Over the next five days, the Lunar Reconnaissance Orbiter will carry out four additional rocket firings to put the spacecraft in its so-called commissioning orbit with a low point of just 18.5 miles above the moon's south pole and a high point of 134 miles above the north pole. The orbit eventually will be circularized at about 31 miles above the moon.
"The tracking shows we're essentially where we planned to be, we're at the moon," said Craig Tooley, the LRO project manager at NASA's Goddard Space Flight Center. "It went like clockwork. With a mission like this, we spent literally years practicing for every possible contingency to be ready for this. In the end, it went exactly as planned."
LRO will spend two months in its commissioning orbit for instrument checkout and calibration before maneuvering into the desired 31-mile-high mapping orbit.
Equipped with seven state-of-the-art cameras and other instruments, LRO will look for suitable landing sites for future manned missions while creating the most detailed lunar atlas ever assembled.
The two-ton solar-powered spacecraft also will measure the solar and cosmic radiation that future lunar explorers will face and map out the surface topology, mineralogy, and chemical composition of Earth's nearest neighbor. One year will be spent scouting future landing sites followed by three years of purely scientific observations.
"Over the course of an entire year...we will have a global measurement of the moon and have a new set of data, essentially a new atlas of the moon that has not only measurements of topology and temperature but minerals and then global images of the moon," LRO project scientist Rich Vondrak said before launch.

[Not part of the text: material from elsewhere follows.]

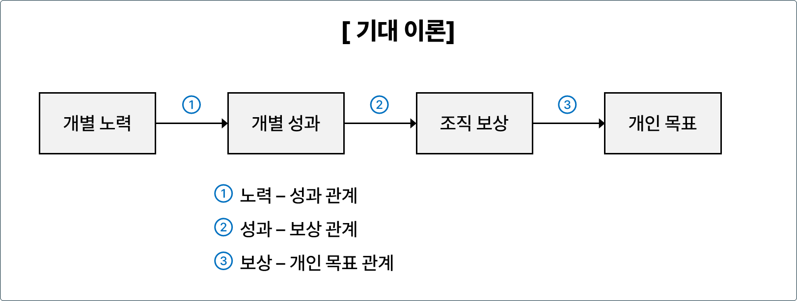 (Expectancy Theory)특정 방식으로 행동하려는 경향의 정도는 행동이 주어진 결과를 수반할 것이라는 기대의 강도와 개인에 관한 결과의 매력에 달려 있다는 이론3가지 핵심 요소:• 기대: 노력-성과 관계• 수단성: 성과-보상 관계• 유의성: 보상-개인 목표 관계📊 많은 구성원이 최소한의 일만 하는 이유를 설명🎯목표 설정 이론

"One of our primary objectives is to identify safe landing sites for future human return to the moon. The Apollo program accepted risk and was able to have safe landings. We want to return to the moon, make repeated landings in some areas and be able to go there with a higher degree of safety."
Using the data collected by LRO, he said, "we'll get new views of the moon and we will prepare for the next generation of explorers and scientists the handbook, the guidebook for future exploration of the moon."

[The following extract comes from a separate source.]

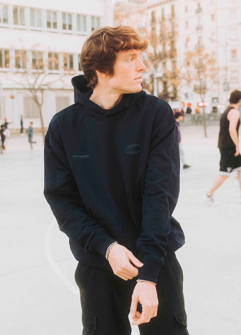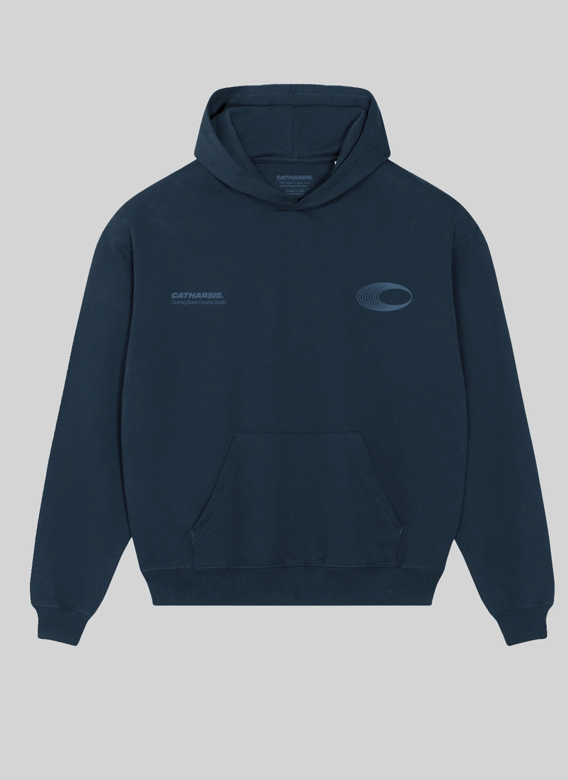 • Hoodie azul escuro com capuz e bolso canguru, detalhes de texto e logo no peito

LRO was launched by an Atlas 5 rocket from the Cape Canaveral Air Force Station last Thursday along with a companion spacecraft, the $79 million Lunar Crater Observation and Sensing Satellite, or LCROSS. The two spacecraft separated shortly after launch.

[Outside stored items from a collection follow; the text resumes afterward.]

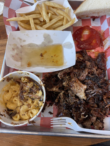 Read moreREAD BEFORE COMING HERE I grew up in Austin TX, 2 hours north of here. I pride myself a BBQ aficionado. I smoke my own brisket and all. We decided to stop at the smoke shack in the San Antonio airport, and I regret saying I was pretty disappointed. I know you can't expect much from airport BBQ, but still. The brisket comes pre chopped, and very dry. Mac and Cheese had a pool of grease I poured out. You can see it in the dish in the photo. The "seasoned" fries had perhaps been stored next to some parsley and accidentally got exposed, but I wouldn't call them seasoned. The ribs were passable, but also dry and a touch tuff. Chopped Brisket sandwich was also dry, with no pickles onions or anything else. All in all, as a Texan I would hate for someone passing through to think this is typical Texas BBQ. Service was...
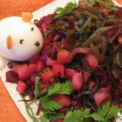 Нет вроде бы ничего привычнее этой овощной закуски. Попробуйте придать ей новый вкус, добавив к традиционным ингредиентам для винегрета морскую капусту. Можно приготовить ее самим, хорошенько промыв и отварив сухую ламинарию, а можно купить уже консервированную в банках. Вы удивитесь, насколько органичным будет сочетание вкусов в этом винегрете. А уж польза - колоссальная: витамин С, который лучше всего из овощных заготовок сохраняется в квашеной белокочанной капусте, и йод, которым богата морская капуста.
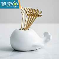 敬平鲸鱼陶瓷罐果叉套装创意可爱北欧风格叉子家用不锈钢水果签果插 白色鲸鱼罐一个+6根树叶叉
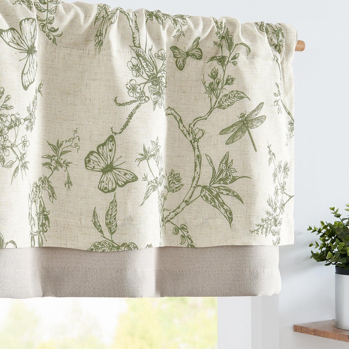 Botanical Butterfly Print Linen Valance
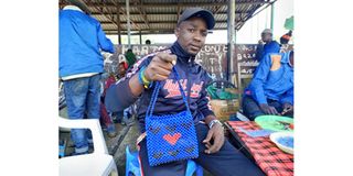 James Karanja Displays a handbag made from beads. The bag goes for Sh 500

LCROSS is designed to guide the Atlas 5's spent Centaur second stage to an impact in a permanently shadowed crater near the moon's south pole on October 9. Instruments aboard LCROSS, LRO, the Hubble Space Telescope and at observatories on Earth will study the debris thrown up by the crash to look for evidence of ice, a critical resource for future outposts.
Updated at 2:40 p.m. EDT: Adding the name of the LRO flight director.